O Decreto nº 12.712/2025 introduziu importantes mudanças no Programa de Alimentação do Trabalhador (PAT), redefinindo as regras aplicáveis ao auxílio-refeição e ao auxílio-alimentação. As alterações buscam alinhar o programa à Lei nº 14.442/2022, além de reforçar os pilares de integridade, transparência e responsabilidade na concessão dos benefícios destinados à alimentação dos empregados.
Embora o conteúdo seja predominantemente regulatório, o novo Decreto impõe reflexos diretos para as empresas, com potenciais impactos sobre o passivo trabalhista.
1. Ampliação da responsabilidade do empregador
Uma das principais inovações é a transferência expressa de responsabilidades ao empregador.

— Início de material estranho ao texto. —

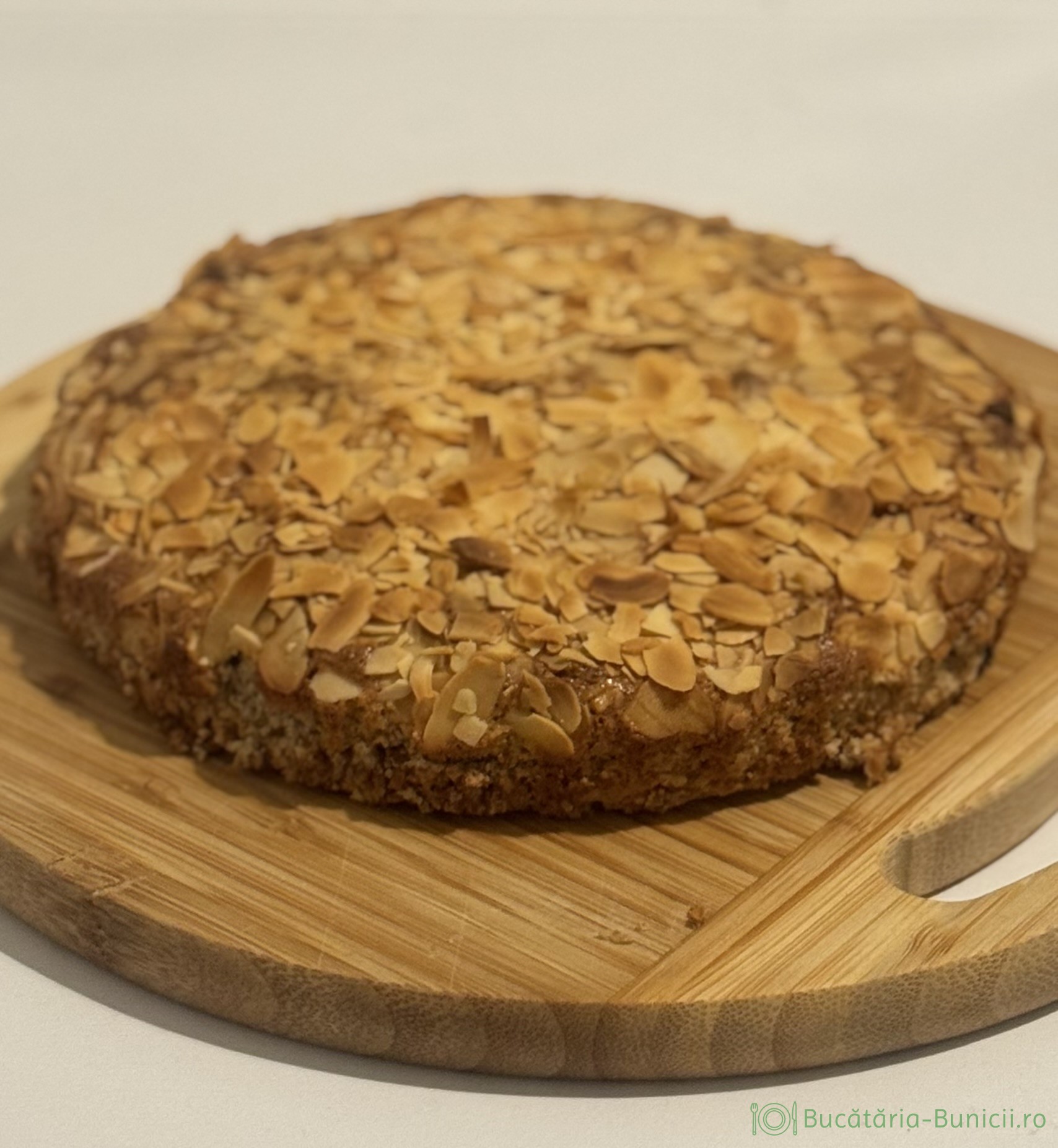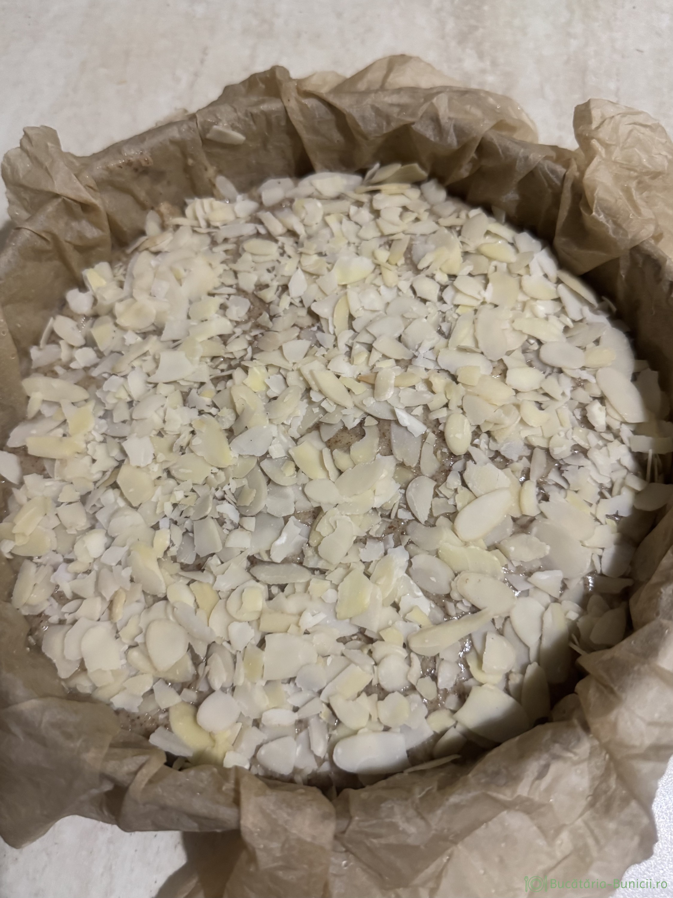 - Compoziția se toarnă în tavă, se nivelează, iar deasupra se presară fulgi de migdale.

Agora, cabe à empresa orientar os empregados sobre o uso correto do benefício e responder por irregularidades na sua execução. Em outras palavras, não basta fornecer o cartão: é necessário gerenciar e fiscalizar o uso.
Para mitigar riscos, recomenda-se que as empresas formalizem as orientações prestadas aos colaboradores, por meio de:
– Comunicados internos;
– Treinamentos e registros de participação;
– Aditivos contratuais ou políticas internas de conduta.
Essas medidas cumprem o dever de informação e servem como prova documental para afastar a responsabilidade em eventuais casos de uso indevido.
2. Limitação do uso do benefício
O Decreto reforça que o auxílio-alimentação deve ser utilizado exclusivamente para fins de alimentação, proibindo sua conversão em outras vantagens — como planos de saúde, atividades físicas, lazer ou crédito pessoal. Essa delimitação é fundamental para preservar a natureza não salarial do benefício e evitar questionamentos sobre sua integração à remuneração.
3. Responsabilidade solidária com as administradoras
Outra mudança de grande relevância é a previsão de responsabilidade solidária do empregador em caso de descumprimento das normas do PAT pela empresa administradora dos cartões e plataformas. Por isso, é indispensável que o empregador revise e audite seus contratos, assegurando que a administradora:
– Esteja regularmente registrada no PAT;
– Cumpra integralmente as regras impostas pelo Ministério do Trabalho e Emprego (MTE).
4. Penalidades e fiscalização reforçada
O descumprimento das novas diretrizes pode resultar em multas e até no cancelamento da inscrição da empresa no PAT, o que implica:
– Perda dos incentivos fiscais; e
– Risco de requalificação dos benefícios como parcela salarial.
A fiscalização das normas passa a ser competência do MTE, ampliando o alcance das inspeções trabalhistas sobre o uso e a concessão dos auxílios.
5. Conclusão
O Decreto nº 12.712/2025 marca uma nova fase na gestão do Programa de Alimentação do Trabalhador, exigindo das empresas uma postura ativa de conformidade e controle. Para garantir segurança jurídica e trabalhista, recomenda-se que as organizações revisem seus contratos com administradoras de benefícios, formalizem as orientações aos empregados e atualizem suas políticas internas de alimentação e benefícios.
Mais do que uma obrigação formal, essas medidas reforçam o compromisso empresarial com a saúde, a transparência e a integridade nas relações de trabalho.